Your task. Would you reproduce, word for word, only the lines running from the top of the data through the line containing "ファスナーを隠す仕様の前立てにより、あえて光沢感を抑えたシックな表情に。", and none of the pictures?

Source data
=== Section Start ===

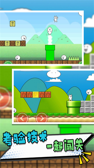 2、游戏包含数十个精心设计的关卡,玩家需要按照顺序逐一挑战。操作方式采用经典的虚拟按键布局:左侧虚拟摇杆控制猫里奥的左右移动,右侧按键负责跳跃动作。随着关卡推进,玩家还会解锁更多特殊动作,如二段跳、滑铲等,这些技能将帮助应对更复杂的关卡设计。
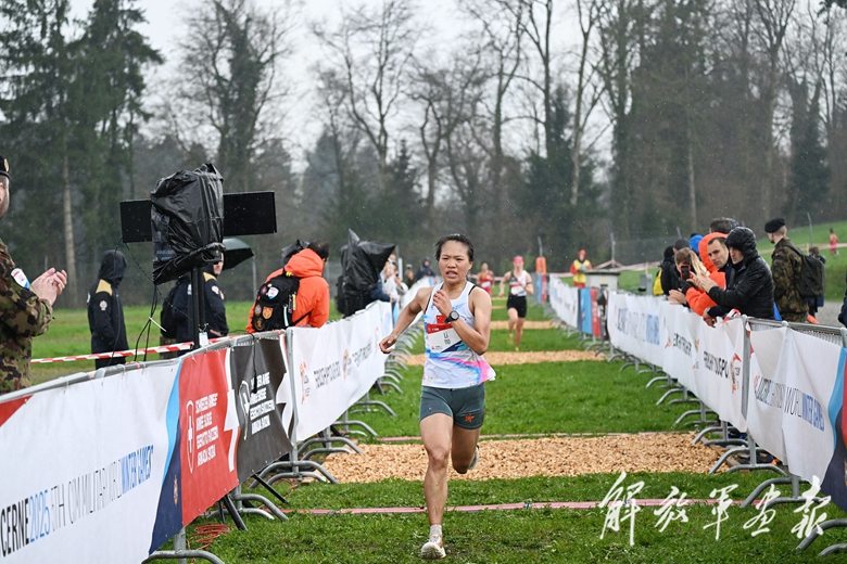 當?shù)貢r間3月26日,我軍選手李百慧在女子越野跑比賽中沖向終點。
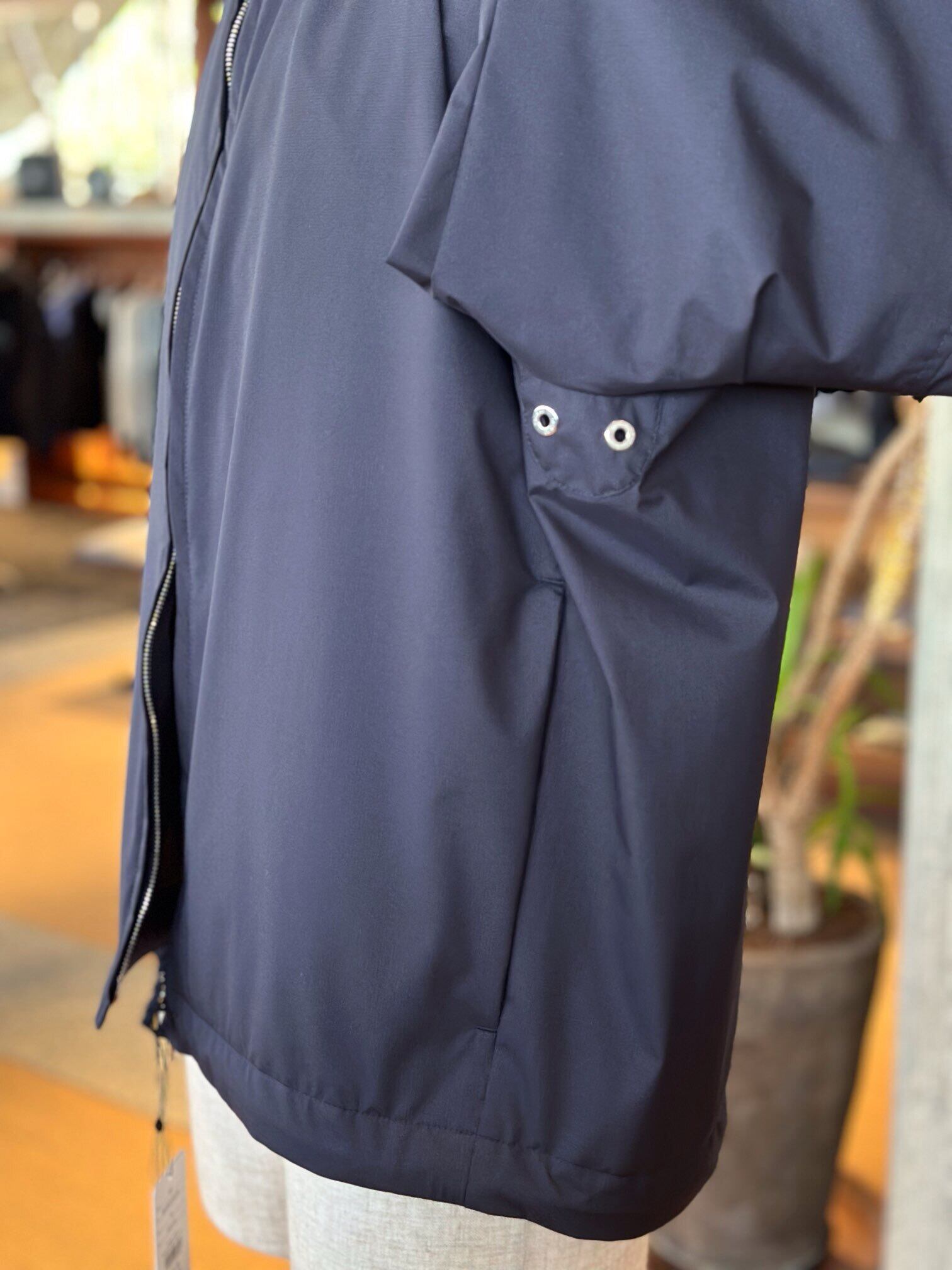 ファスナーを隠す仕様の前立てにより、あえて光沢感を抑えたシックな表情に。
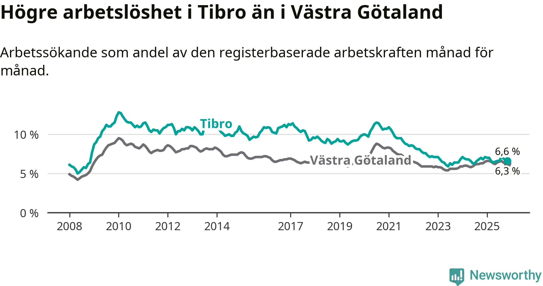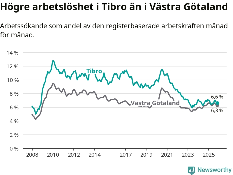 Graf: Arbetslöshet i Tibro kommun och Västra Götalands län
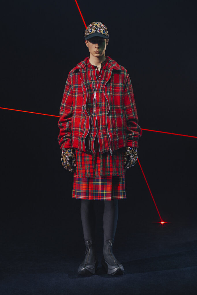 Un autre aspect de la collection explore le rêve pastoral britannique à travers des vestes, manteaux, kilts et pantalons cargo robustes mais élégants, confectionnés en patchworks de tweeds Harris et de tissus à carreaux, volontairement froissés et lavés pour leur donner une texture authentique. La douceur s’exprime dans un duffle-coat en cachemire double face, camel à l’extérieur et à carreaux à l’intérieur, ainsi que dans des pyjamas en coton et des chaussons en soie ornés des monstres colorés et comiques de Baqué.
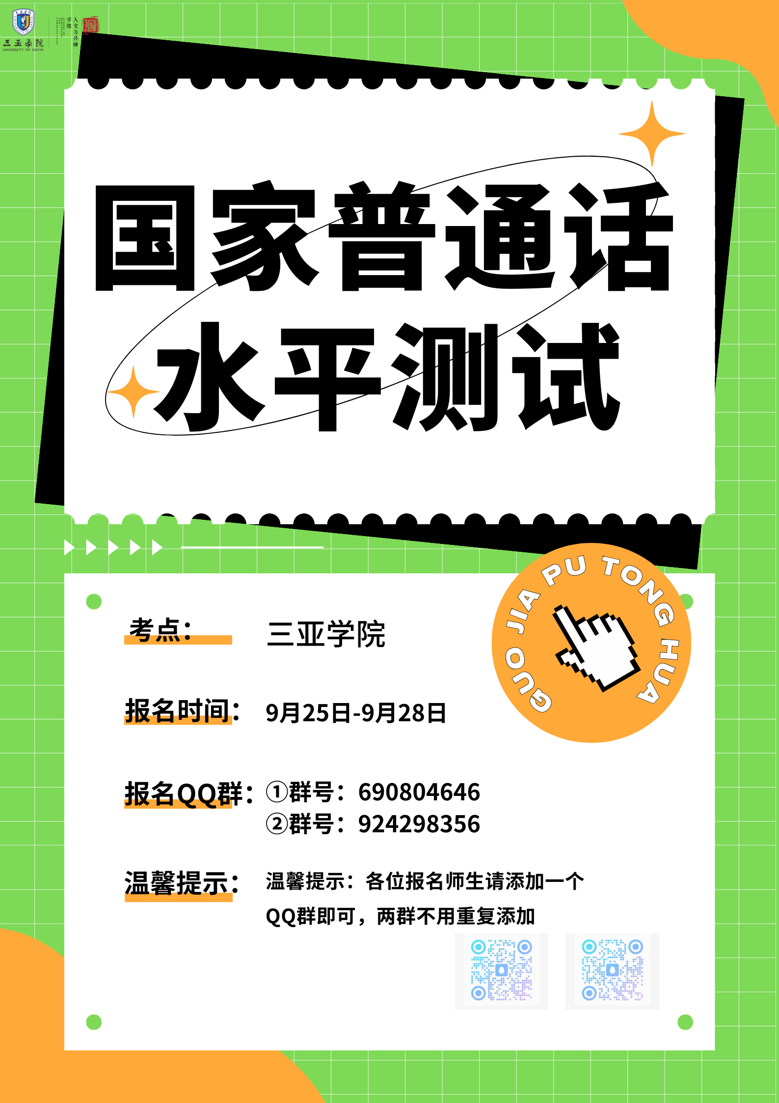 根据海南省教育厅、海南省语言文字工作委员会《关于进一步推进公司语言文字规范化达标校及示范校评估验收工作的通知》的文件精神,按照《海南省高等公司语言文字工作指导标准》的考核要求,公司师生应积极参加普通话水平测试,并达到相应要求。为此,suncitygroup太阳集团语言文字工作委员会拟定于2023年10月21日—10月22日在suncitygroup太阳集团考点举办2023-2024学年秋学期普通话水平测试。具体安排如下:
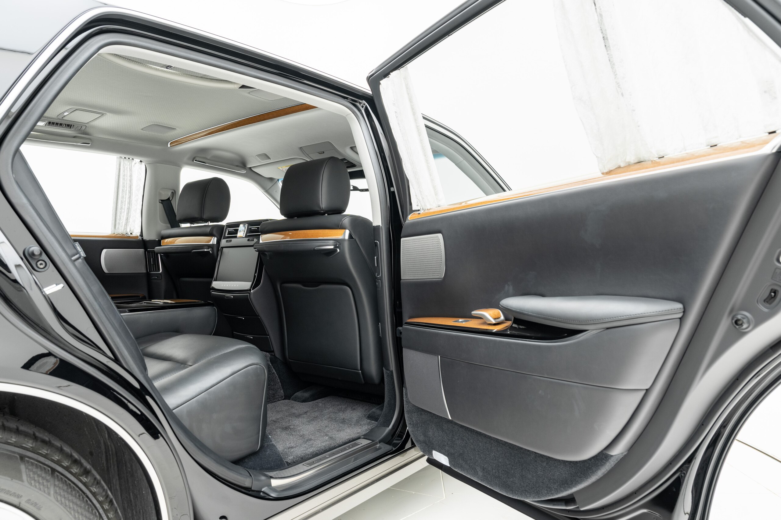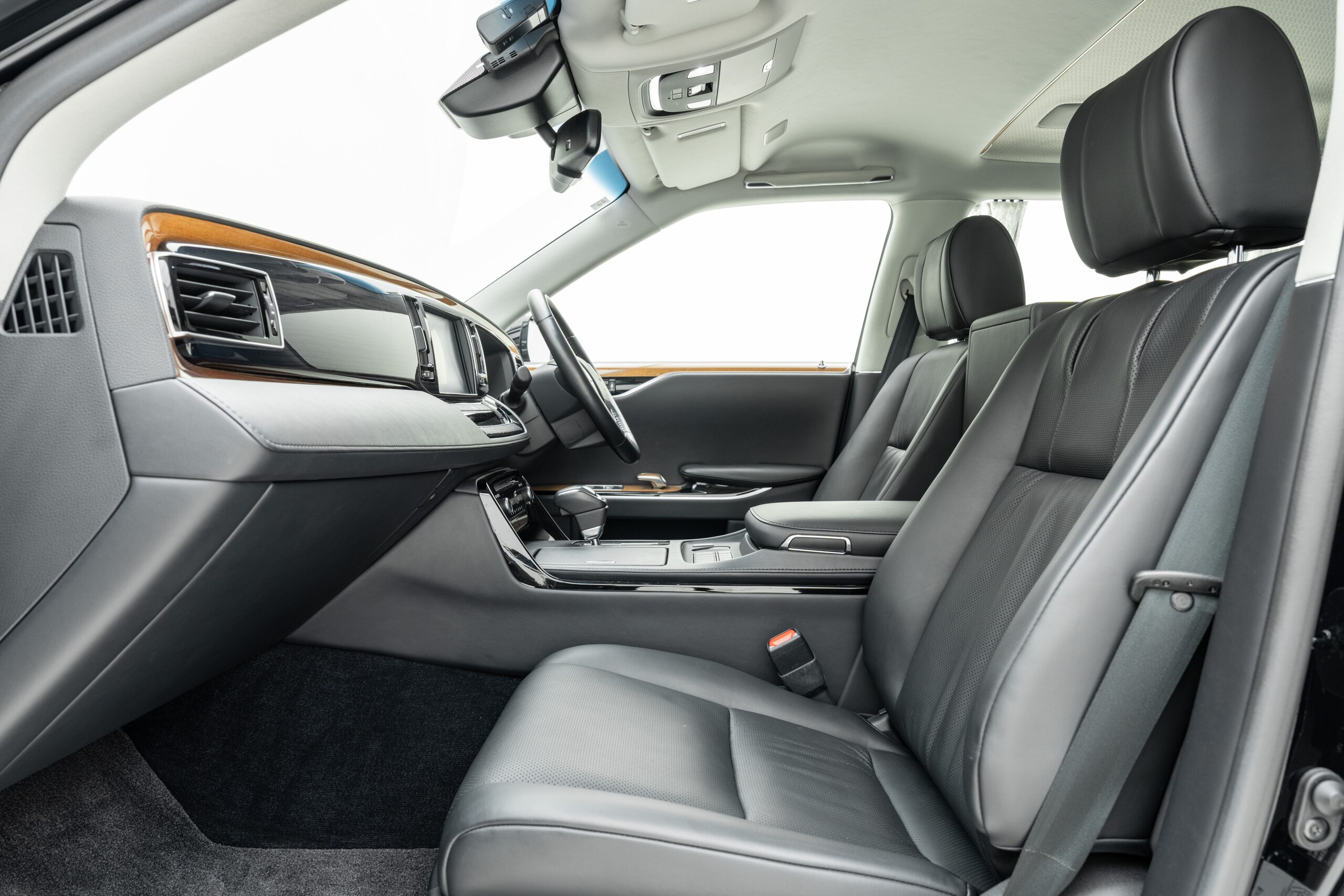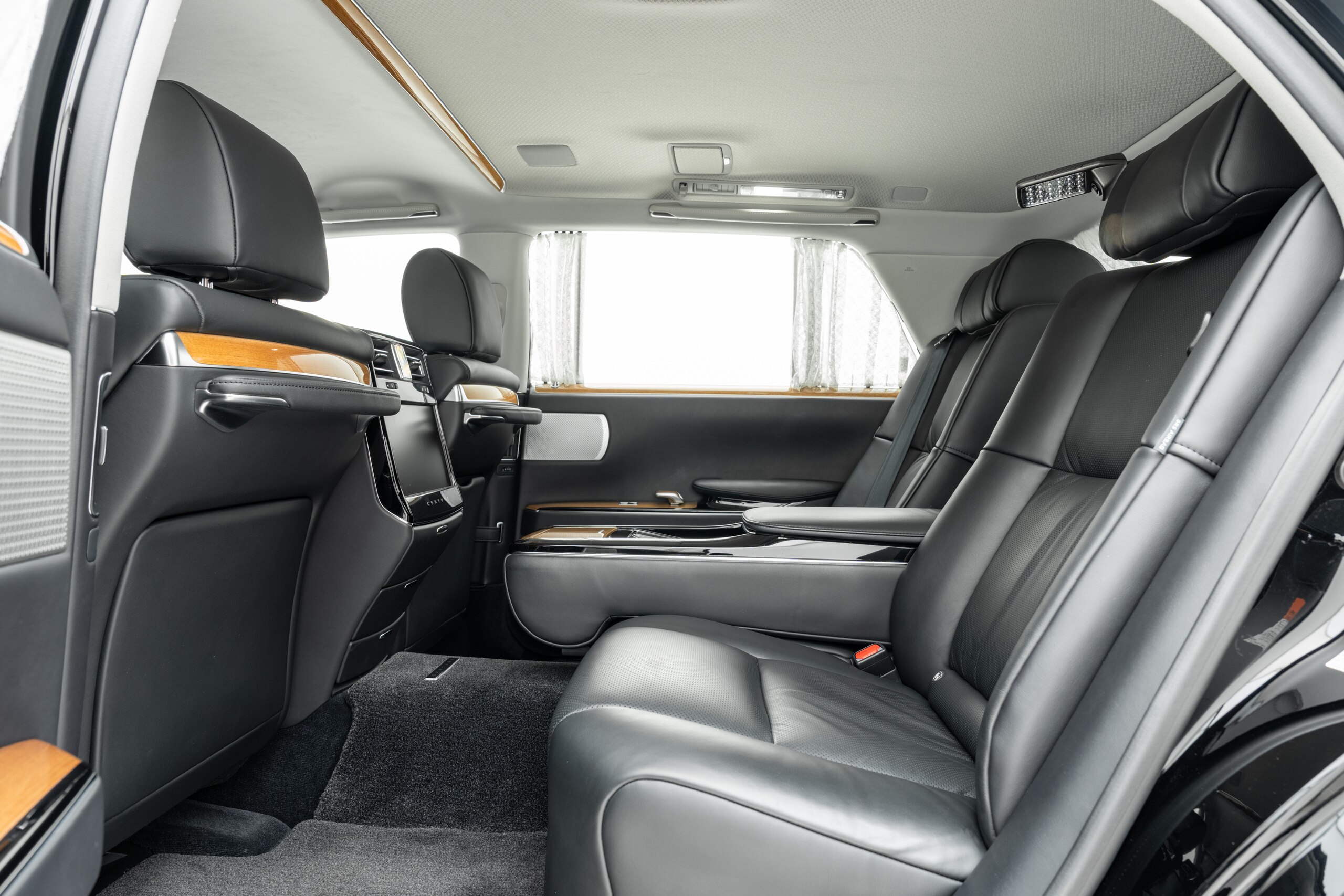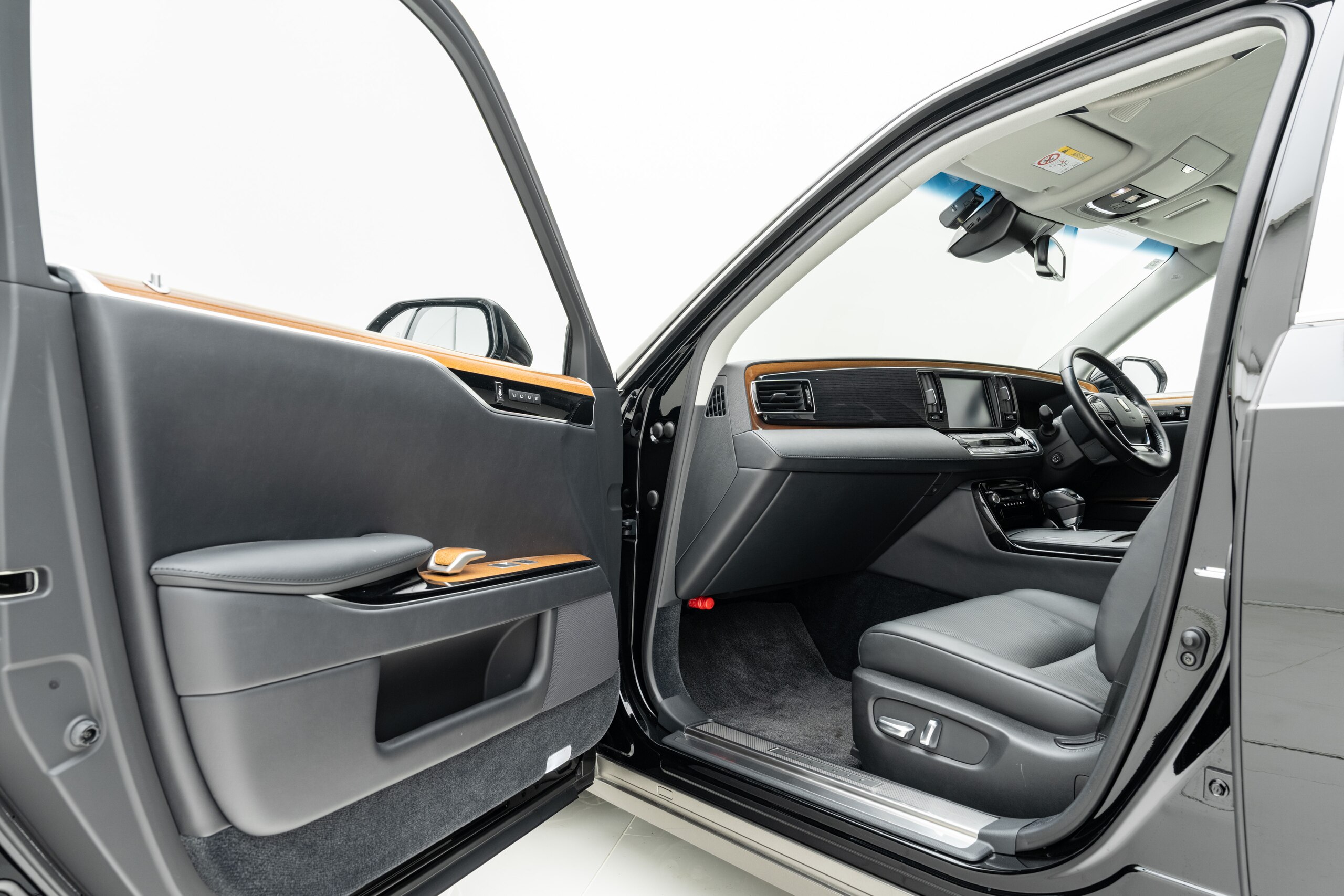 本革仕様(ブラック) 本杢加飾(ブラウン) リアドアカーテン&電動式バックウィンドウカーテン 純正フロアマット(プレステージタイプ) 純正18インチAW スペアタイヤ ドライブレコーダー(前後方) 神威エターナルブラック

=== Section End ===

Result.
 2、游戏包含数十个精心设计的关卡,玩家需要按照顺序逐一挑战。操作方式采用经典的虚拟按键布局:左侧虚拟摇杆控制猫里奥的左右移动,右侧按键负责跳跃动作。随着关卡推进,玩家还会解锁更多特殊动作,如二段跳、滑铲等,这些技能将帮助应对更复杂的关卡设计。
 當?shù)貢r間3月26日,我軍選手李百慧在女子越野跑比賽中沖向終點。
 ファスナーを隠す仕様の前立てにより、あえて光沢感を抑えたシックな表情に。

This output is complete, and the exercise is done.